En 2018 se estrenaron en el mundo 12.169 películas. De ese total, 11.819 figuraron en el sitio web Metacritic, dedicado a recopilar reseñas de filmes (como también de álbumes musicales, DVD, programas de televisión y libros). Por consiguiente, tal como la propia realidad se encarga de afirmarlo, nadie las vio todas, aunque la mayoría recibió algún tipo de reseña o comentario. En caso de que alguien las hubiera visto todas –tarea imposible pues se necesitaría un año con más de 365 días– sería la única persona en el planeta que estaría calificado para hacer la lista de las 10 mejores y las 10 peores. 
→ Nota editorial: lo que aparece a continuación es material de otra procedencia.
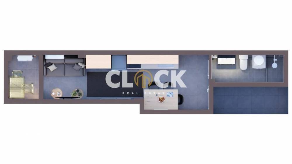 This property features 0 bedrooms, an open kitchen with a living room and a bathroom.
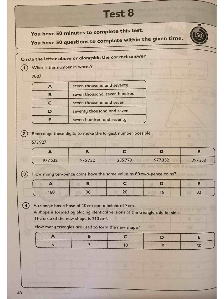 ISEB Common Pre-Test Mathematics Paper 4 | PDF
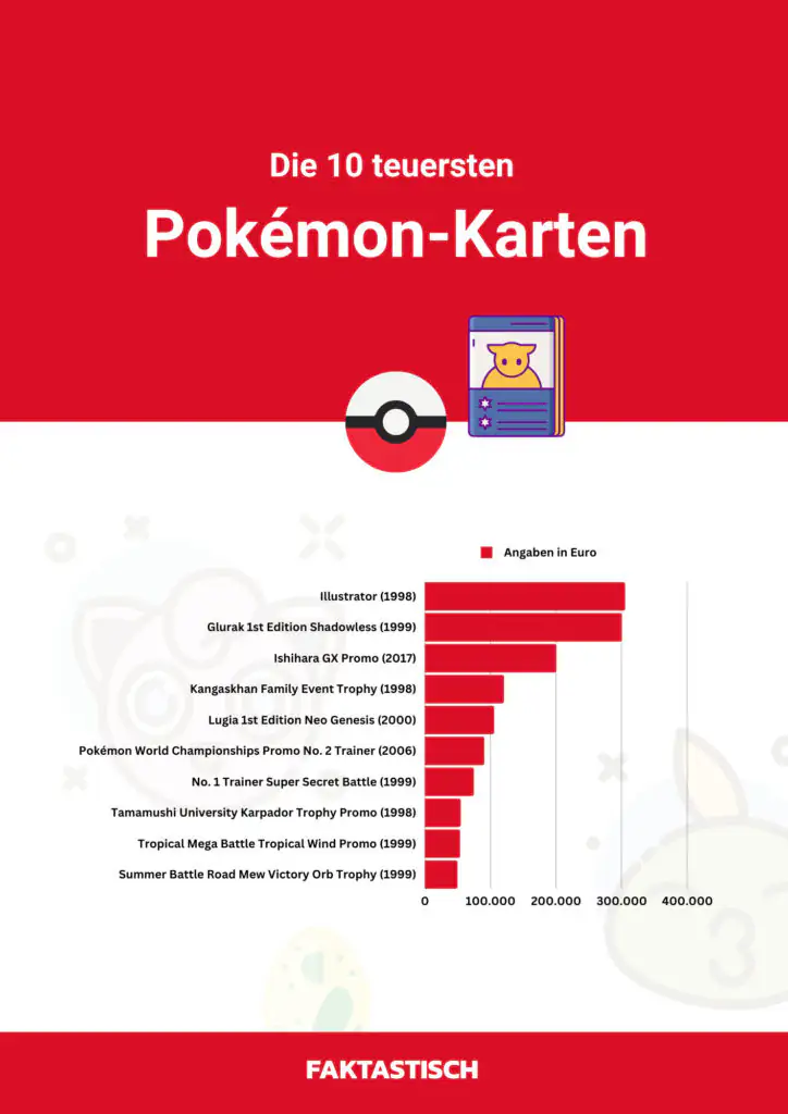 Die Ehre, die teuerste Pokémon-Karte der Welt zu sein, gebührt der "Pokémon Illustrator"-Karte. Diese extrem seltene Karte – geziert von dem berühmten Pokémon-Maskottchen Pikachu – wurde ursprünglich 1997 für einen Illustrationswettbewerb in Japan produziert. Es wird geschätzt, dass lediglich 39 Exemplare der Karte existieren, wodurch sie zu einem äußerst begehrten Sammlerstück geworden ist.
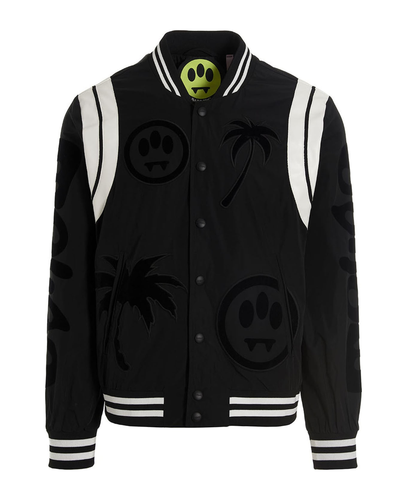 Nylon bomber jacket with flocked print details and all-over tone-on-tone embroideries, contrast leather details, a button closure, pockets, long cuffed sleeves, collar, cuffs and knitted bottom hem.
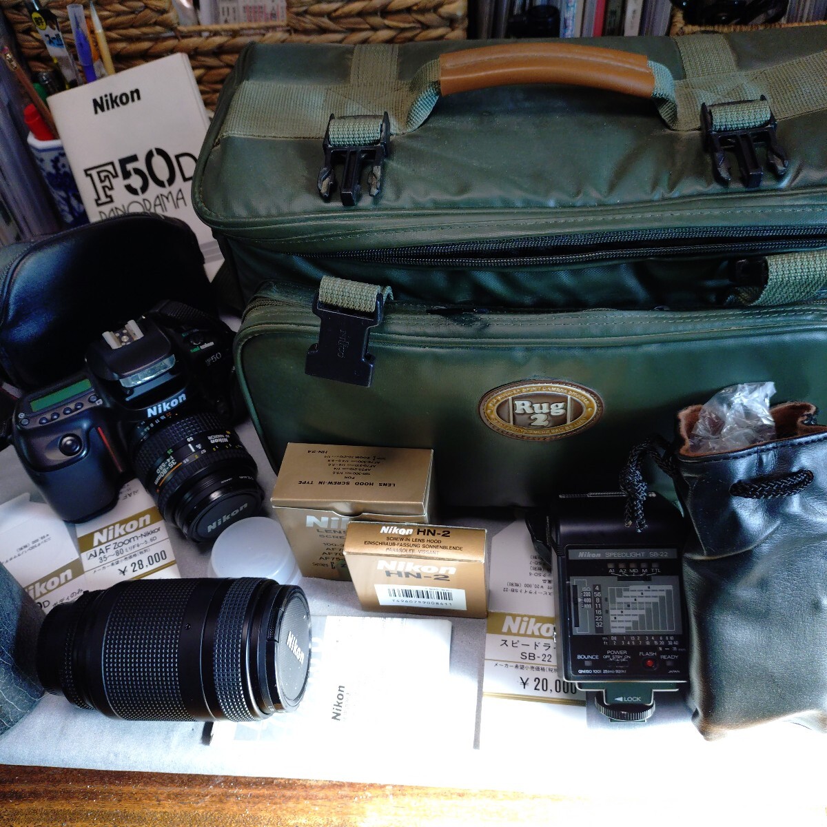 > Nikon ニコン 50 D カメラ PANORAMA AFzoom 35-80mm と70-210mmとスピードライトSB-22 とレンズフード2と一式収納ケース付 説明書
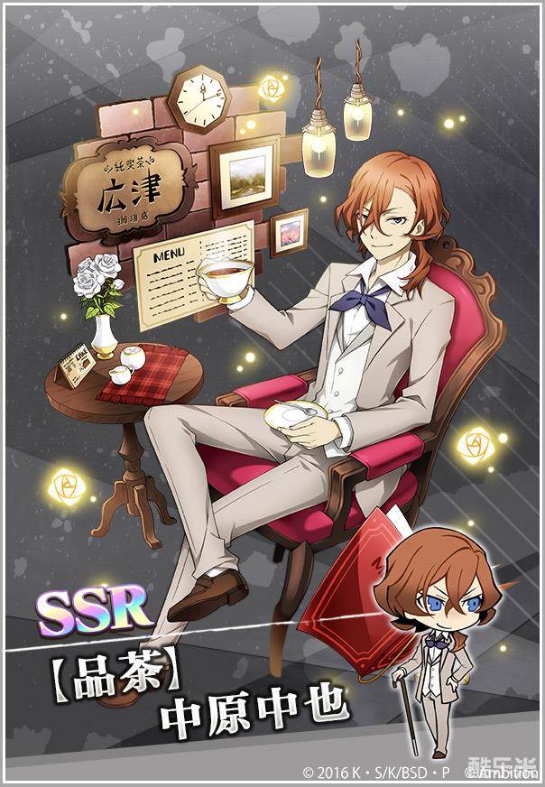 这张卡的卡面是在“广津咖啡店”度过中午茶时光的中原中也。看起来他很享受在安静的店内一边品茶一边沉思,远离平日喧嚣的氛围。虽然不知道这难得的休息时光能持续多久,但是既然都来了,就抛开这些杂念吧。
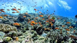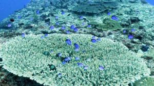 潮流の速い浅場のサンゴ礁ではキンギョハナダイの大群が
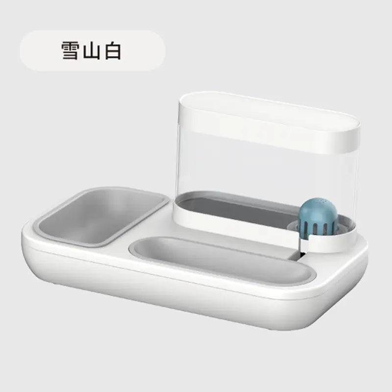 - Description: Introducing the Elevated Double Cat Bowl, the ultimate solution for enhanced mealtime. Sized at 365x145x230mm, it's perfect for both food and water. Features a cervical spine protection design to reduce neck strain and is engineered to stay put, preventing spills. Available in Snow Mountain White and Starry Blue. Weighing 0.73 kg, it's lightweight yet sturdy. Includes an automatic drinking feature for continuous fresh water access.
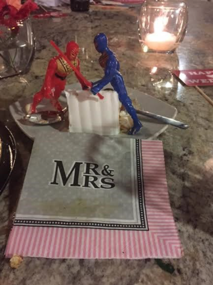 Rồi chiếc bánh cưới nho nhỏ được mang ra, trên được chưng bày hai nhân vật Ninja , chú rể cô dâu tươi cười giới thiệu hai nhân vật này tượng trưng cho chúng con đó, suốt đời chúng con muốn sống thật đơn giản, chân thật và yêu thương hết cả mọi người.
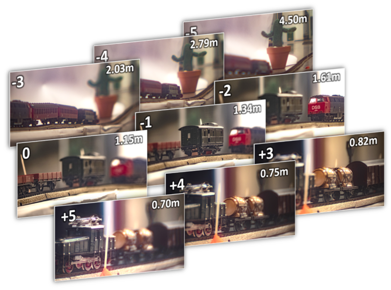 La combinación de distintos patrones de campos aplicados a los dos dispositivos en cascada emulan distintas lentes. Los campos eléctricos se aplican con la misma facilidad como en una pantalla plana cotidiana.
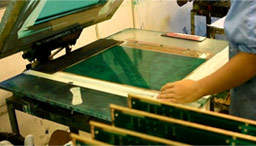 Soldermask ink is applied over the whole PCB surface. Using artworks and UV light we expose certain areas to the UV and those areas not exposed are removed during the chemical development process – typically the areas which are to be used as solderable surfaces. The remaining soldermask is then fully cured making it a resilient finish.
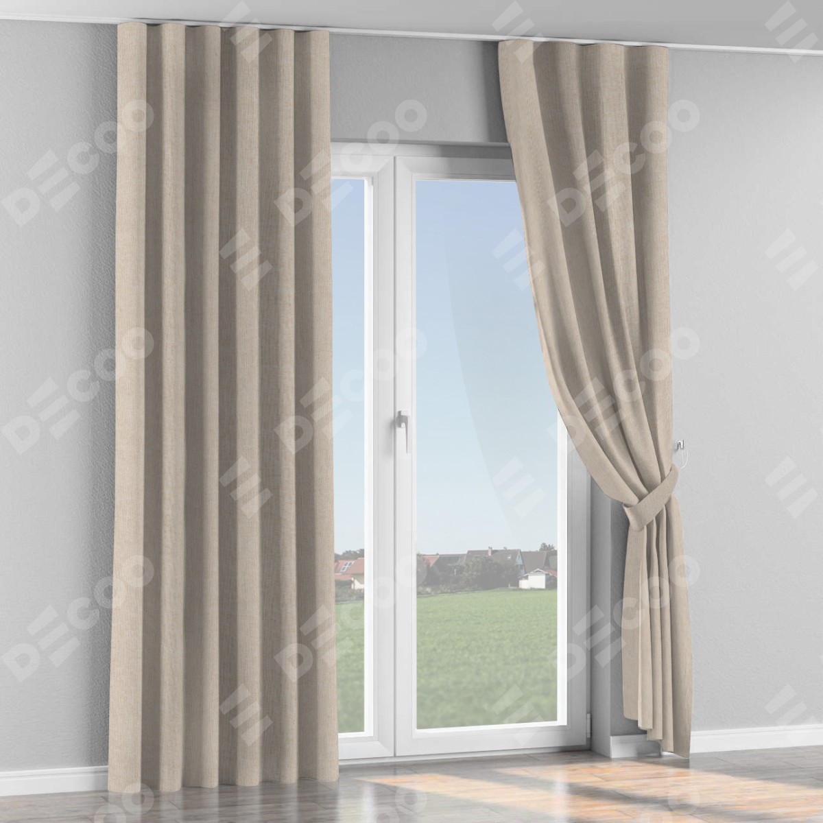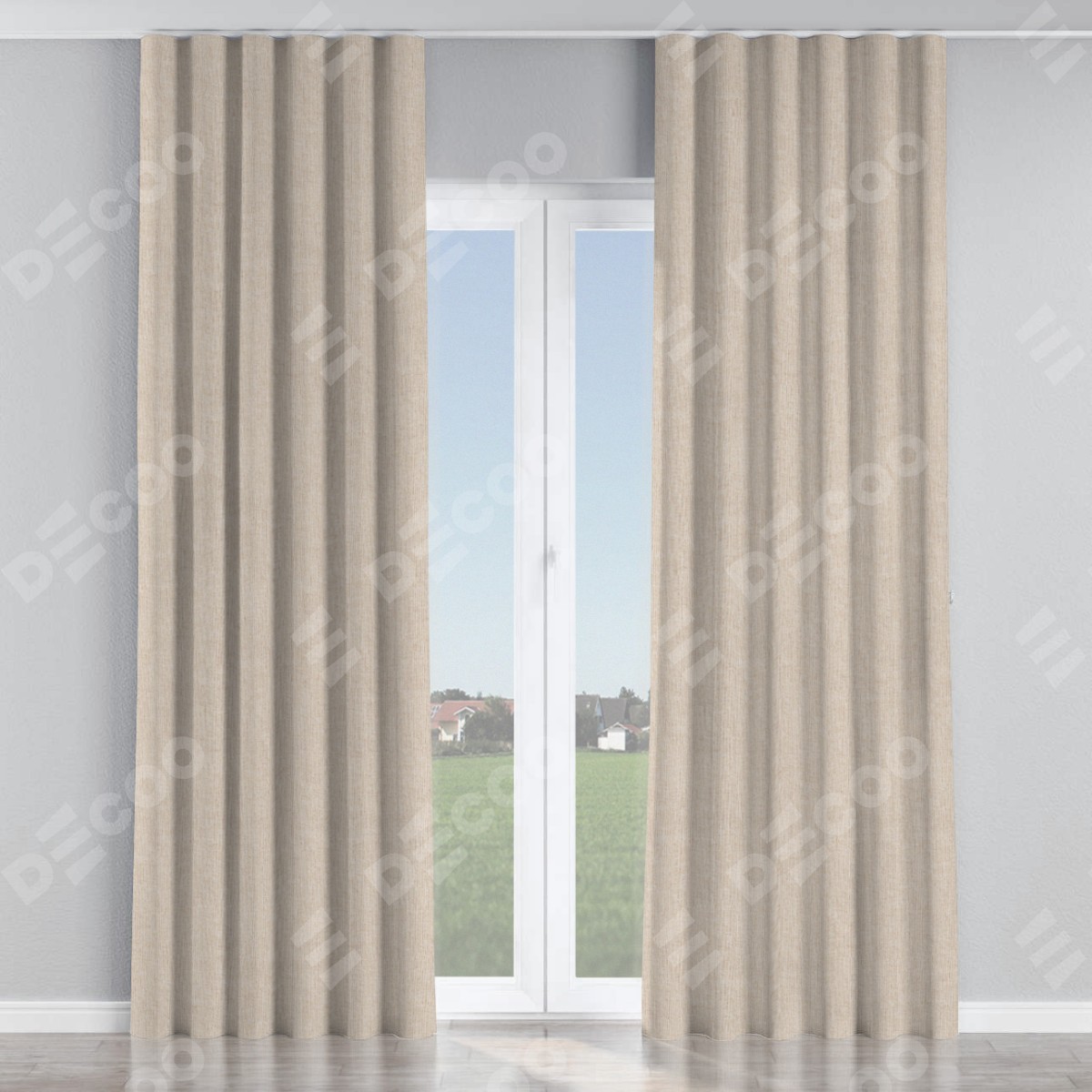 Комплект прямых штор, от производителя «Cortin», пошиты из ткани лён кашемир натуральный беж. С изнаночной стороны в верхней части штор пристрачивается шторная лента с декоративными складками «Волна». Для создания элегантных складок рекомендуемый коэффициент 1:2 (на 100 см. ширины проёма 200 см. ширины ткани). Важно! Ширина штор указана без учёта коэффициента сборки!

No fue un año que quedará para el recuerdo, pues hubo pocos filmes cuyos directores calificarían para “genio original”, calificativo que alude a alguien que logra aportar algún aspecto innovador en la disciplina artística en la cual se desempeña. En 2017 hubo alguna que otra película realmente original, ¡Huye! (Get Out), una de ellas, pero el año pasado, en cambio, ninguna consiguió destacarse por formas estéticas fuera del paradigma y del canon de lo ya establecido. Si bien 2018 no será recordado por una película original de las que hacen época (a la cabeza solo me viene una, la dinamarquesa The Guilty, del debutante Gustav Möller), su imagen en lo relativo al cine permanecer en la memoria como un año en el que hubo sobredosis de películas malas, algunas peores que otras y unas cuantas insólitamente horrendas.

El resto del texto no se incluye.